Ощипанные голуби делали безнадежные попытки взлететь, но быстро уставали и почти сразу же падали на землю. После этого они были уже не в силах шевелиться и позволяли привязать себе крылья из желтого, красного, зеленого или синего шелка, которые им щедро поставлял муниципалитет. Затем им показывали, как этими крыльями пользоваться, и птицы, полные достоинства, возвращались в свои гнезда, а их торжественный полет походил на священнодействие. Это зрелище начало надоедать Ангелу. Подумав, что Анна вовсе не приедет — наверное, повез Рошель куда-нибудь в другое место,— он опять поднялся.

Ангел пересек парк и прошел мимо группы детей, которые забавлялись тем, что убивали молотками муравьев, играли в классики, совокупляли древесных клопов и предавались прочим соответствующим их возрасту играм. Женщины шили из клеены слюнявчики, дабы младенец мог безбоязненно опрокинуть свою бутылочку, или же просто лелеяли своих чад. Некоторые из них занимались вязанием, другие только ради приличия делали вид, что вяжут, в чем можно было легко убедиться, поскольку у них не было пряжи.

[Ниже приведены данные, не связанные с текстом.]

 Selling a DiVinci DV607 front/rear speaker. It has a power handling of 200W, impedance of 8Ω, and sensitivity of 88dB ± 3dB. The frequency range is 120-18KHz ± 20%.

Ангел толкнул решетчатую калитку. Она захлопнулась за ним, и он оказался на улице. Мимо проходили люди, проезжали по шоссе машины, но где же Анна? Он постоял на месте несколько минут, не зная, что делать: уходить или еще подождать. Мысль о том, что он не знает, какого цвета глаза у Рошель, пригвоздила его к мостовой как раз посреди проезжей части, одна из машин поднялась на дыбы, ибо водителю пришлось резко нажать на тормоз. Следом за этой машиной ехал Анна. Он остановился у тротуара, и Ангел сел в машину. Рошель заняла место впереди, и Ангел оказался один на заднем сиденье, среди перевязанных веревками рессор и разного хлама. Он подался вперед, чтобы пожать им руки. Анна извинился за опоздание. Машина тронулась. Анне пришлось резко вывернуть руль, чтобы избежать столкновения с останками перевернутого такси.

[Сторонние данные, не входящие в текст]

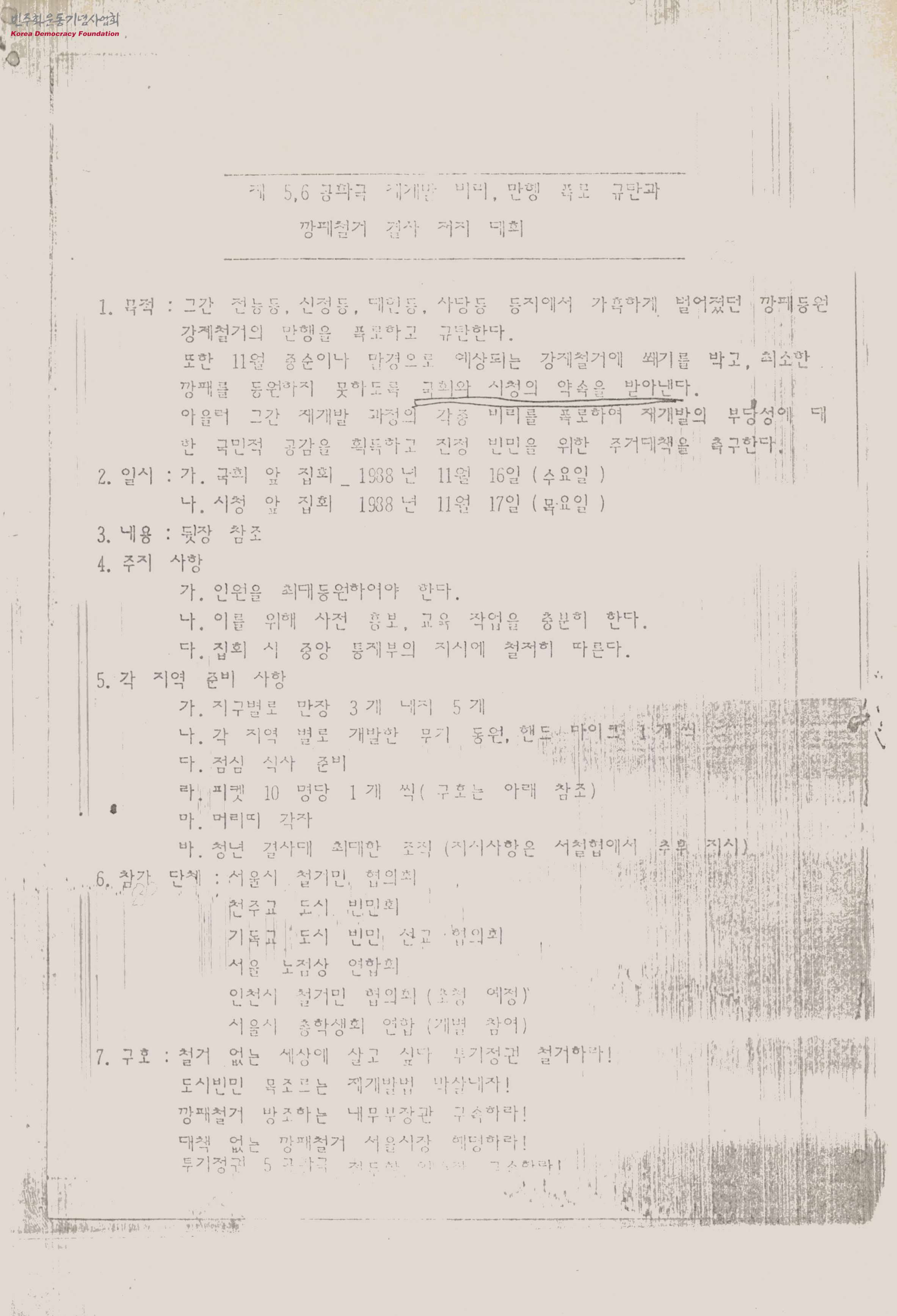- 신정동, 사당동 등지에서 가혹하게 벌어졌던 깡패동원 강제철거의 만행을 폭로하고 규탄하는 시위에 대한 내용의 문서로, 참가 단체와 구호, 일시, 주의사항이 기재되어 있음

Они доехали до того места, где вдоль тротуаров росли деревья, и свернули налево от статуи. Здесь было меньше машин, и Анна прибавил скорость. Солнцу наконец-то удалось найти запад, и оно вдвое быстрее скатывалось в этом направлении, чтобы наверстать упущенное время. Анна уверенно управлял машиной и забавлялся тем, что хлопал автоматическими указателями поворотов по ушам детей, гуляющих по краю тротуара; для этого ему приходилось подъезжать к самой бровке, и он всякий раз рисковал ободрать краску с шин, однако ему удалось не получить ни единой царапины. К несчастью, ему попалась девочка лет девяти или десяти, лопухи которой были далеко оттопырены, и указатель, ударившись о мочку ее уха, разбился вдребезги. С конца оборванного провода частыми каплями стекало электричество, а стрелка амперметра угрожающе двинулась вниз. Рошель постучала по прибору, но безрезультатно. Температура зажигания понизилась, и упали обороты мотора. Через несколько измерений Анна остановил машину.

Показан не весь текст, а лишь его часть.